Should you use your home's equity to help consolidate debt?
If you feel like you're drowning in debt, you're not alone. According to debt.org, American household debt hit a record of $13.21 trillion in 2018. Experian's State of Credit Report showed that non-mortgage debt (including such things as credit cards and medical bills, car loans, etc.) reached an average of $24,706 per household in 2017. And a survey by the National Foundation for Credit Counseling in 2018 found that 25% of adults aren't paying bills on time.
So what's the secret to getting out of debt or, at least, managing it better?
If you own a home that has accumulated equity, you could consider consolidating your bills through some type of home equity financing - either in the form of a lump sum loan or a line of credit (also known as a HELOC) that allows you to draw down money as you need it.
What are the advantages of this option?
First, you'll only have one payment to manage. Second, you can get a much lower interest rate. According to Bankrate data, the average interest rate on variable-credit cards in September 2018 was 17.32%. At the same time, the average interest rate on a home equity loan was under 6%.
Sounds like a good deal, right? It can be, as long as you don't keep accumulating more debt and as long as you don't default on the loan. Unlike credit card debt that can be discharged through a bankruptcy proceeding, if necessary, defaulting on a home equity loan could result in foreclosure and the loss of your home. And if the value of your home drops because of changes in the market, you could wind up owing more than it's worth. There are also closing costs to consider when applying for the loan.
Home equity financing does, however, make a lot of sense if handled wisely. When used for most home improvement projects, for example, it offers additional tax benefits, depending on household income. If the loan is used for anything else, such as paying off credit card or student loan debt or personal use, the interest paid is no longer deductible under the 2018 tax reform bill.
The amount you can borrow is based on a number of factors, including the amount of equity in your home, your income and your credit score. The amount you can borrow could be substantially less than your home equity.
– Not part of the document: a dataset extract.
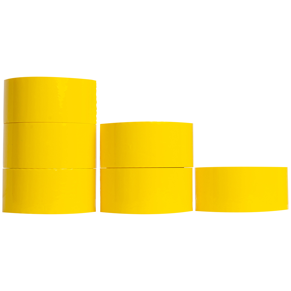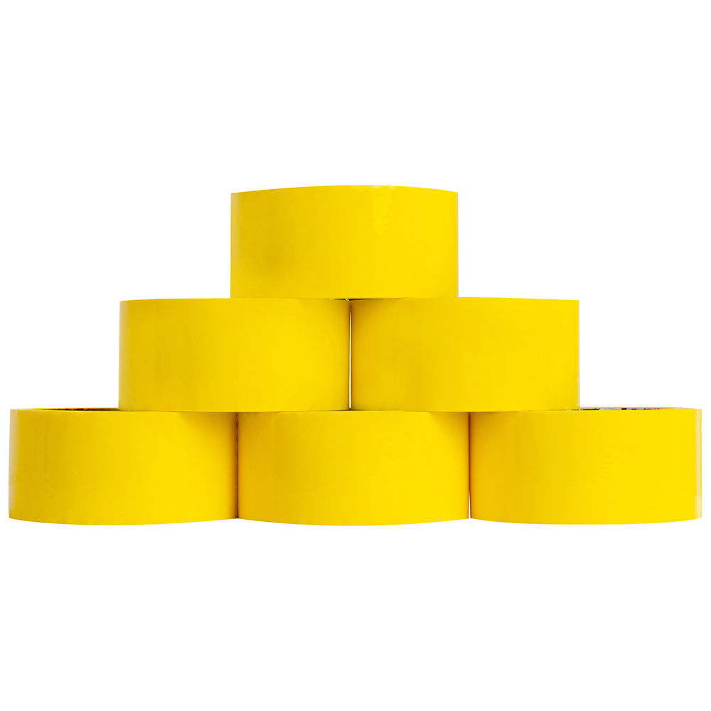 Желтая клейкая лента применяется для разметки пола и упаковки, она позволяет легко маркировать грузы, яркий цвет видно издалека, это дает понимание, где какие коробки лежат.
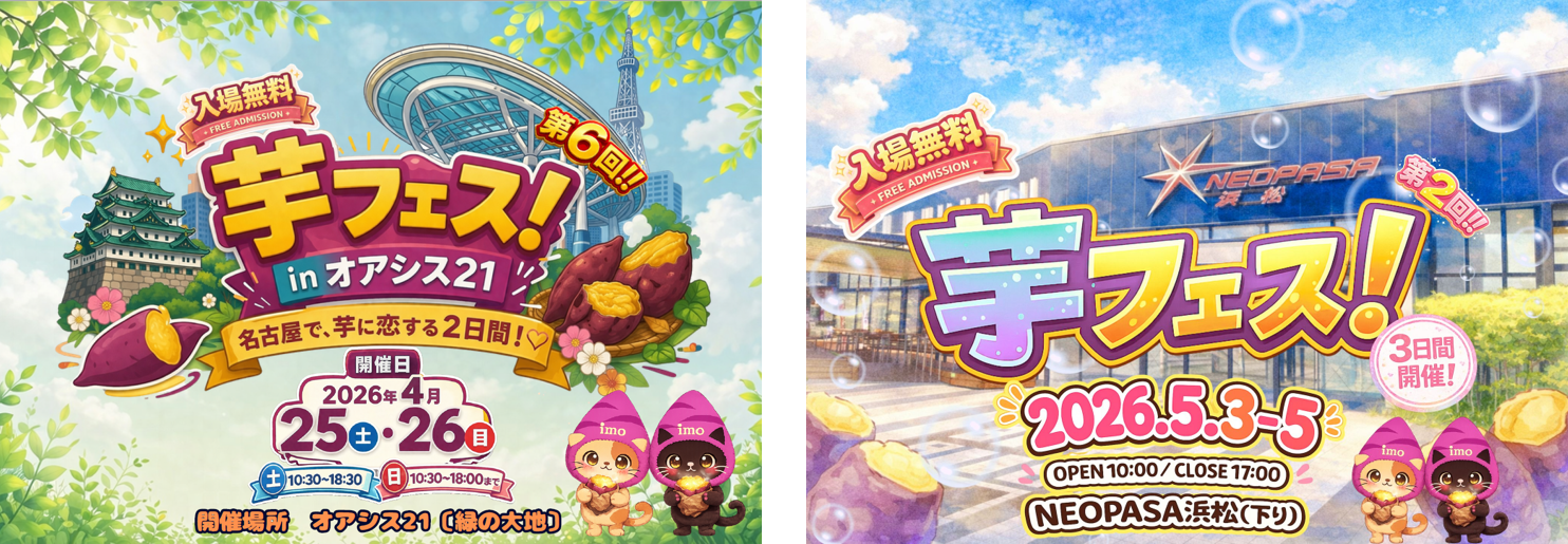 なお、ゴールデンウィーク中は、「第6回芋フェス!IN名古屋」を4月25日(土)・26日(日)に名古屋オアシス21(名古屋市東区東桜1-11-1)で、「第2回芋フェス!」を5月3日(日)~5日(火)にNEOPASA浜松(下り)(浜松市浜名区都田町)で開催します。

Most lenders require that you maintain at least 20% equity in your property.
Even if you have sufficient equity, home equity financing might not be the right choice, especially since it doesn't correct the problem that caused the debt initially and could put your house at risk if you're not diligent in repaying the loan. You might be better off with a personal loan to consolidate your debt. Although rates on personal loans are not typically as low as those offered on a home equity loan, they are still substantially less than what is paid on most credit cards. The rate you get depends on your credit history and income. Another option is a balance transfer through which credit card debt is transferred to a card with a lower interest rate.
Credit counseling might also help if poor spending habits need to be corrected.
The information and recommendations contained herein is compiled from sources deemed reliable but is not represented to be accurate or complete. In providing this information, neither Cortland Bank or its affiliates are acting as your agent or is offering you any tax, accounting or legal advice.